Я не мог ни говорить, ни двигаться. Как будто страшные кузнецы колотили молотами по остаткам моего сознания. Карол застрелил их, этих кузнецов. А не лучше ли это? Не лучше ли? Не лучше ли это?
Где они? Где немцы, которые сделали все это? Где хоть какие-нибудь немцы? Где в мире есть немцы, не виноватые во всем этом? Где те два немца, те два немца — где они? Немцы Мартин и Вилли — где вы?
Они были здесь. Их била лихорадка.
— Вы видите? Они видели.
— Убейте нас, убейте, только не мучьте! Ведь вы же люди… Не люди мы… мы звери… — бормотал высокий.
Мы бы и убили их. Спасли плоштинские женщины.
Спасли их тягостные причитания, от которых леденели даже патроны в магазинах пистолетов. Мы бы расстреляли их, разорвали на куски, разодрали бы ногтями, но их спасли протяжные причитания, от которых могут обрушиться горы, от которых перестает биться сердце, останавливается дыхание, отказываются служить нервы, стынет кровь, сгорают дотла все мысли.
Женщины Плоштины… Женщины Плоштины пришли отпевать своих мертвых.
Татарек! Где же ты, Татарек? Где твои косточки? Как часто ты бил жену, напивался, но какой же ты был добрый, такого другого и на свете нет… Ах, Татарек, Татарек!
Внизу во тьме движутся тени. Плоштинские женщины раскапывают руками пепел, роются в том, что осталось от дома Зихи, они разгребают, разгребают угли и пепел…
Это был замечательный дом, новый, крытый этернитом. А этернит должен ведь защищать от огня, но от немецкого огня никакой этернит не спасет… Этернит не сгорел, только потрескался, растрескался на тысячи кусков, а в них роются плоштинские женщины. Боже, чья это обгорелая кость? Не твоя ли она, Татарек? Не твоя ли это рука, что с одного удара могла уложить вола, а может быть, это трясущаяся рука старого Зихи? Плоштинские женщины собирают в узелки обугленные кости своих мужей, не зная даже, чьи кости собирают они.

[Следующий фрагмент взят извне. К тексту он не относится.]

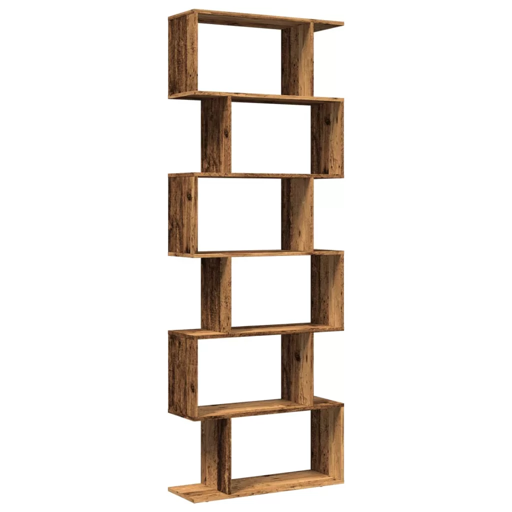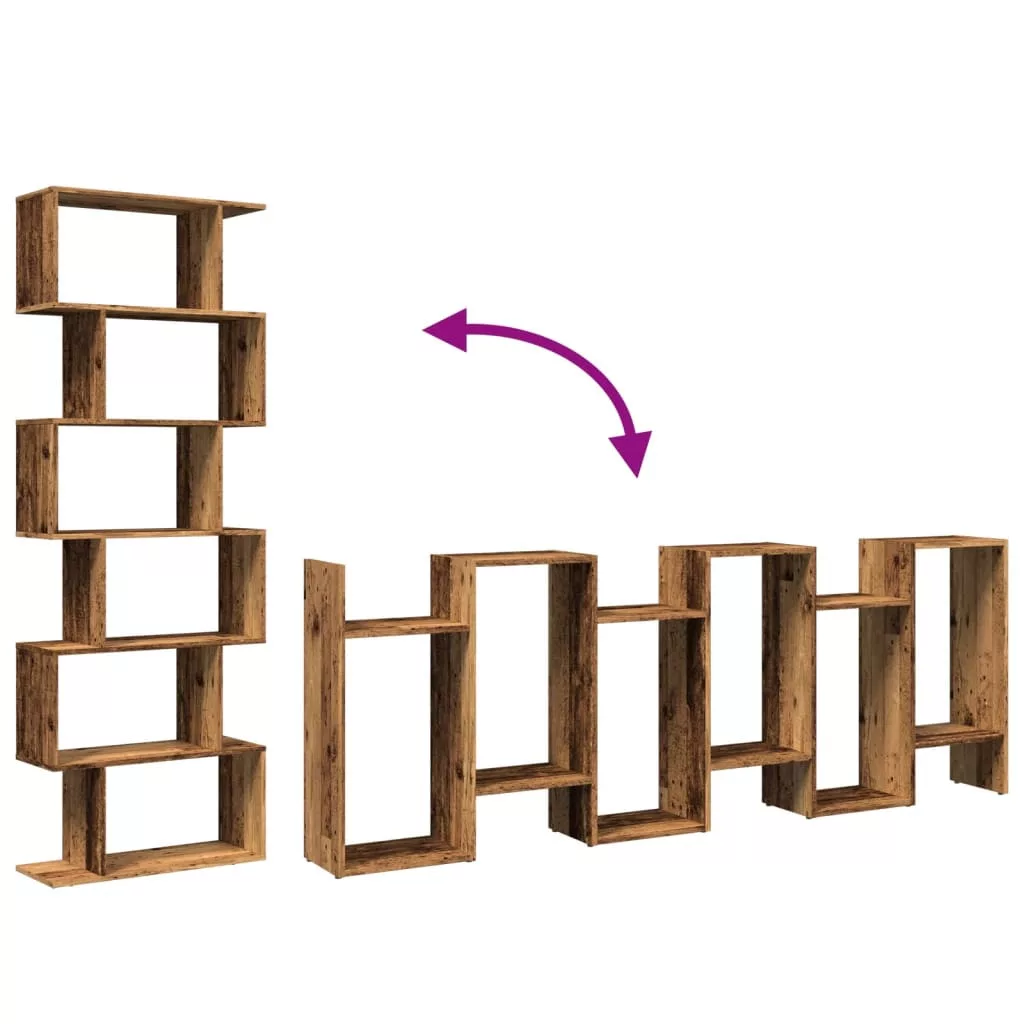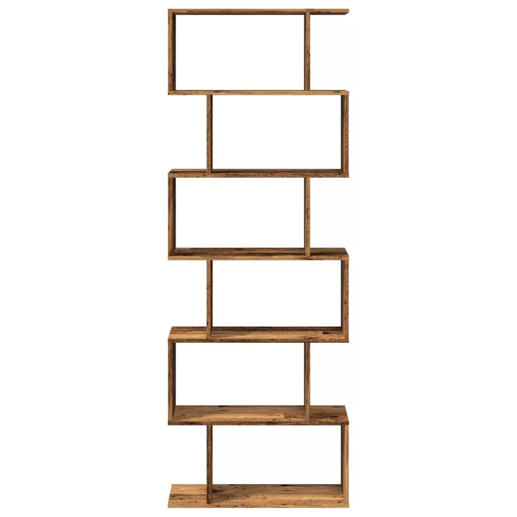 6 szintes antik fa színű fa elválasztó könyvespolc 70x24x193 cm

Так и стояли мы, страшные изваяния, не в силах поднять головы, а плоштинские женщины шли мимо нас.
Одна заплакала.
— Ох, ребята…
А другая, мне показалось, что это была Мацкова, только голос был как будто чужой, дико вскрикнула:
— Проклятущие! И как земля вас держит?
А старуха Похила гонит от себя дочь:
— Прочь, негодная!
Милка, ее дочь, вырвала свою руку из руки Петера, точно ее обожгло.
Вот Андела прошла мимо нас, прошла совсем тихо, ничего не говоря, но это ее молчание было страшнее всего.

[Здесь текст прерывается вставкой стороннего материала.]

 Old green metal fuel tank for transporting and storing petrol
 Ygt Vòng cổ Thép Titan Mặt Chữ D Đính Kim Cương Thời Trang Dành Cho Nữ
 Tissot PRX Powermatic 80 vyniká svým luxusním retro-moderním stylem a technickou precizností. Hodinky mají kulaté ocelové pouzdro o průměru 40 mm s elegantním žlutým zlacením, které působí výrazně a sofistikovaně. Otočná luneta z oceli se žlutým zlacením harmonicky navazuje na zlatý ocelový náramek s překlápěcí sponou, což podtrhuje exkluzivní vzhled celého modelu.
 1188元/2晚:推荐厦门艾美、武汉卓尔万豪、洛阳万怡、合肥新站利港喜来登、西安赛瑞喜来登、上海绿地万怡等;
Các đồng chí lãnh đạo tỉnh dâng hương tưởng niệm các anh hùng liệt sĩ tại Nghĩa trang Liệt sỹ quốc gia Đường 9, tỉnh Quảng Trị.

Немец Вилли стоял около меня, весь дрожа. Он дрожал, и у него стучали зубы.
— Ох, ради бога, только не это… — бормотал он.

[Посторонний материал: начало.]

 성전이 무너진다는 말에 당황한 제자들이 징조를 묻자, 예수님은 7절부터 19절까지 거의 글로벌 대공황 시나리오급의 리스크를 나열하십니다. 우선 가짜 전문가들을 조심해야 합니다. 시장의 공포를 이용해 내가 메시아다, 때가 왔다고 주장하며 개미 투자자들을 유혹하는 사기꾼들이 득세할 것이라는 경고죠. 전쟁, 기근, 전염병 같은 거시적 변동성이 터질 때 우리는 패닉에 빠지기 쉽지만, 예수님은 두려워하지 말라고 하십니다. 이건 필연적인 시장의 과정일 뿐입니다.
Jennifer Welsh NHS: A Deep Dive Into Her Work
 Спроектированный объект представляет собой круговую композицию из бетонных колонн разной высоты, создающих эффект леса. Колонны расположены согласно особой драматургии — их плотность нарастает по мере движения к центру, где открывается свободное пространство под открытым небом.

Черт побери, неплохая мысль пришла тебе в голову, Вилли! Достаточно одного взгляда — и тебя нет, и ветер развеет то, что останется от тебя… Даже обгорелых костей от тебя не останется и ты снова обратишься в прах, из которого вышел… Хоть бы шапку снял, скотина!
Одна за другой мимо нас идут плоштинские женщины.
Пришла и та, кого я любил больше всех. Пришла мать.
— Матушка Рашкова! Мама!
Я упал к ее ногам, я обнимал ее натруженные ноги, целовал ее грубые крестьянские сапоги.
— Прости, мать, прости, матушка…
И все, кто стоял неподвижно, как изваяние, как памятник позора, — все упали на колени.
— Прости, прости, мама…
Она остановилась.
— Да простит вас бог, дети…
Мы стояли на коленях в грязи, а плоштинские женщины шли мимо нас. И тут я услышал произнесенные шепотом слова, слова немецкой молитвы.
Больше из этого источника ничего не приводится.